::: The data
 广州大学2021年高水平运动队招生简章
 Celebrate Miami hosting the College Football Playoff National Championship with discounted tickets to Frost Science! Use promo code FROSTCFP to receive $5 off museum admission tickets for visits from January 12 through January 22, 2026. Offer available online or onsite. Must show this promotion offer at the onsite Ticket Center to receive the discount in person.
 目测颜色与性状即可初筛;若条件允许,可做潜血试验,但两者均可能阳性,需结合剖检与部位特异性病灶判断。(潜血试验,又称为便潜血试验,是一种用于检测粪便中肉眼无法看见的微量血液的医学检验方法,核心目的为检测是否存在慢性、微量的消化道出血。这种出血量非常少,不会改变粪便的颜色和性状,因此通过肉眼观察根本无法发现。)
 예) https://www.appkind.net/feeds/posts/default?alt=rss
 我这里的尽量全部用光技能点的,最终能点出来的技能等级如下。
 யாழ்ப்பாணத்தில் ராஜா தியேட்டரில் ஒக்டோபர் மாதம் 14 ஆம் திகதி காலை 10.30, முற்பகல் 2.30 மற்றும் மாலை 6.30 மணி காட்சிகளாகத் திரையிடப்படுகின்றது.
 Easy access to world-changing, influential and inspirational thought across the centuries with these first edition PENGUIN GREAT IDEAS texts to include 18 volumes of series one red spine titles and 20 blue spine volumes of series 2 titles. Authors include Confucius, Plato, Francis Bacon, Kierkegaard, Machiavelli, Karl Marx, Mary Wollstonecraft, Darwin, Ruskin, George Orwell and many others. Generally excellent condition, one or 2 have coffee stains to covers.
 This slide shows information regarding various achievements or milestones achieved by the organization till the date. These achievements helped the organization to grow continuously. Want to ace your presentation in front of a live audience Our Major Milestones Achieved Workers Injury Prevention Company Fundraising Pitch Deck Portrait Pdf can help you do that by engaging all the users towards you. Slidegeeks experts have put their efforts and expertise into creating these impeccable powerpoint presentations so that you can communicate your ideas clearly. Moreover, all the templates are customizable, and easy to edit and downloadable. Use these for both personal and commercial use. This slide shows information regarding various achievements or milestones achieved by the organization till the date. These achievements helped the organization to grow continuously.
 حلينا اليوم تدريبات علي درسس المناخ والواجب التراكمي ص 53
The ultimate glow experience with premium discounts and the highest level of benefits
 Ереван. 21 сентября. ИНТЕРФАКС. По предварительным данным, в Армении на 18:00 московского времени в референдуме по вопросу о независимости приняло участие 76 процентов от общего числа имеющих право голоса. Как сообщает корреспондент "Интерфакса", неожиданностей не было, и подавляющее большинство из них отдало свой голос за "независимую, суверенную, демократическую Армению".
::::::
How to complete this task: From the line that contains "我这里的尽量全部用光技能点的,最终能点出来的技能等级如下。" through the final line of the material, copy every line exactly, including both ends.

Task response:
 我这里的尽量全部用光技能点的,最终能点出来的技能等级如下。
 யாழ்ப்பாணத்தில் ராஜா தியேட்டரில் ஒக்டோபர் மாதம் 14 ஆம் திகதி காலை 10.30, முற்பகல் 2.30 மற்றும் மாலை 6.30 மணி காட்சிகளாகத் திரையிடப்படுகின்றது.
 Easy access to world-changing, influential and inspirational thought across the centuries with these first edition PENGUIN GREAT IDEAS texts to include 18 volumes of series one red spine titles and 20 blue spine volumes of series 2 titles. Authors include Confucius, Plato, Francis Bacon, Kierkegaard, Machiavelli, Karl Marx, Mary Wollstonecraft, Darwin, Ruskin, George Orwell and many others. Generally excellent condition, one or 2 have coffee stains to covers.
 This slide shows information regarding various achievements or milestones achieved by the organization till the date. These achievements helped the organization to grow continuously. Want to ace your presentation in front of a live audience Our Major Milestones Achieved Workers Injury Prevention Company Fundraising Pitch Deck Portrait Pdf can help you do that by engaging all the users towards you. Slidegeeks experts have put their efforts and expertise into creating these impeccable powerpoint presentations so that you can communicate your ideas clearly. Moreover, all the templates are customizable, and easy to edit and downloadable. Use these for both personal and commercial use. This slide shows information regarding various achievements or milestones achieved by the organization till the date. These achievements helped the organization to grow continuously.
 حلينا اليوم تدريبات علي درسس المناخ والواجب التراكمي ص 53
The ultimate glow experience with premium discounts and the highest level of benefits
 Ереван. 21 сентября. ИНТЕРФАКС. По предварительным данным, в Армении на 18:00 московского времени в референдуме по вопросу о независимости приняло участие 76 процентов от общего числа имеющих право голоса. Как сообщает корреспондент "Интерфакса", неожиданностей не было, и подавляющее большинство из них отдало свой голос за "независимую, суверенную, демократическую Армению".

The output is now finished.